Launched by MCGILL UNIVERSITY HEALTH CENTRE/RESEARCH INSTITUTE OF THE MCGILL UNIVERSITY HEALTH CENTRE · Mar 29, 2022

Keywords

ClinConnect Summary

This clinical trial, called "Empagliflozin in Acute Heart Failure," is exploring whether a medication called empagliflozin can help improve fluid removal in patients with acute heart failure who are also having trouble with their current diuretic treatment. Diuretics, such as furosemide, are often used to help patients eliminate excess fluid from their bodies, but some patients do not respond well to them. The researchers believe that adding empagliflozin to their treatment may enhance the effectiveness of furosemide, making it easier for these patients to manage their symptoms.

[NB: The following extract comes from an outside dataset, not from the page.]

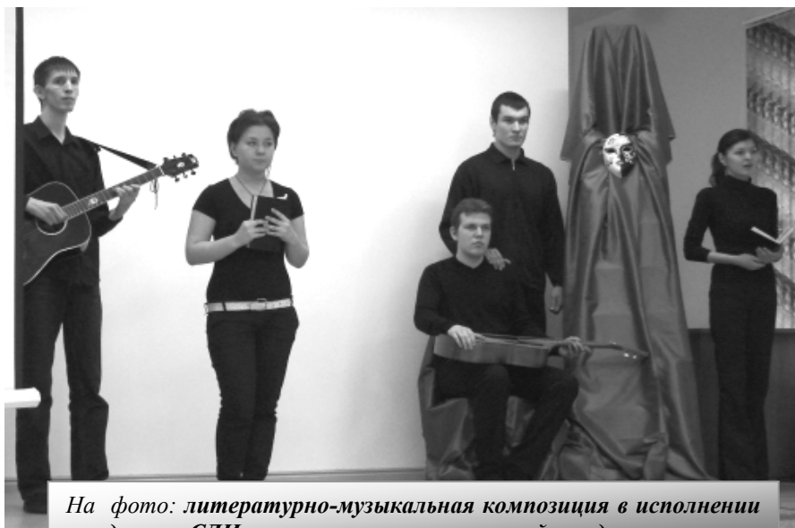
На фото: литературно-музыкальная композиция в исполнении студентов СЛИ - участников театральной студии

To be eligible for this study, participants need to have moderate to advanced chronic kidney disease and be experiencing acute heart failure symptoms, such as difficulty breathing, along with signs of fluid overload. They should also have shown poor response to diuretics, meaning they haven’t been able to eliminate enough fluid. Participants will be closely monitored throughout the trial and may experience improved fluid management as a result of the new treatment approach. It’s important to note that certain health conditions, like severe liver disease or recent use of specific medications, may prevent someone from joining the study.

Gender

ALL

Eligibility criteria

• Inclusion Criteria (all have to apply) :
• • moderate to advanced CKD, defined as an eGFR \<45 ml/min/1.73m2; The average creatinine values over the last 12 months will be used to calculate baseline eGFR.
• • acutely decompensated heart failure, defined as dyspnea at rest or with minimal physical activity, associated with at least one clinical sign of congestion and at least one objective measure of heart failure (pulmonary-capillary wedge pressure \>20 mm Hg or evidence of pulmonary congestion on chest radiography or brain natriuretic peptide (BNP) level ≥400 pg/ml or N-terminal pro-BNP level ≥1000 pg/ml);
• • evidence of inadequate response to loop diuretics, defined as a urine output \< 1000 ml/24h or a weight loss \< 1kg /24h. For patients who have not received loop diuretics, a furosemide stress test can be conducted.
• • stable hemodynamics, defined as systolic blood pressure \>90 mmHg and/or mean arterial pressure \>65 mmHg in the absence of intravenous norepinephrine or epinephrine in the last 24 hours.
• Exclusion Criteria:
• • new use of a non-loop diuretic other than an MRA
• • history of type 1 diabetes mellitus
• • euglycemic diabetic ketoacidosis
• • liver disease defined by serum levels of transaminases or alkaline phosphatase more than three times the upper limit of normal at screening
• • known hypersensitivity to SGLT-2 inhibitors
• • use within the last 48 h of an SGLT-2 inhibitor or a combined SGLT-1 and SGLT-2 inhibitor
• • maintenance dialysis or need for emergent renal replacement therapy
• • gastrointestinal surgery or gastrointestinal disorder that could interfere with trial medication absorption
• • recurrent severe genital or urinary tract infection
• • pregnancy or breastfeeding
• • any other clinical condition that would jeopardize patient safety while participating in this trial
• • Patients with an acute rise in creatinine levels (acute cardiorenal syndrome) upon presentation will not be excluded.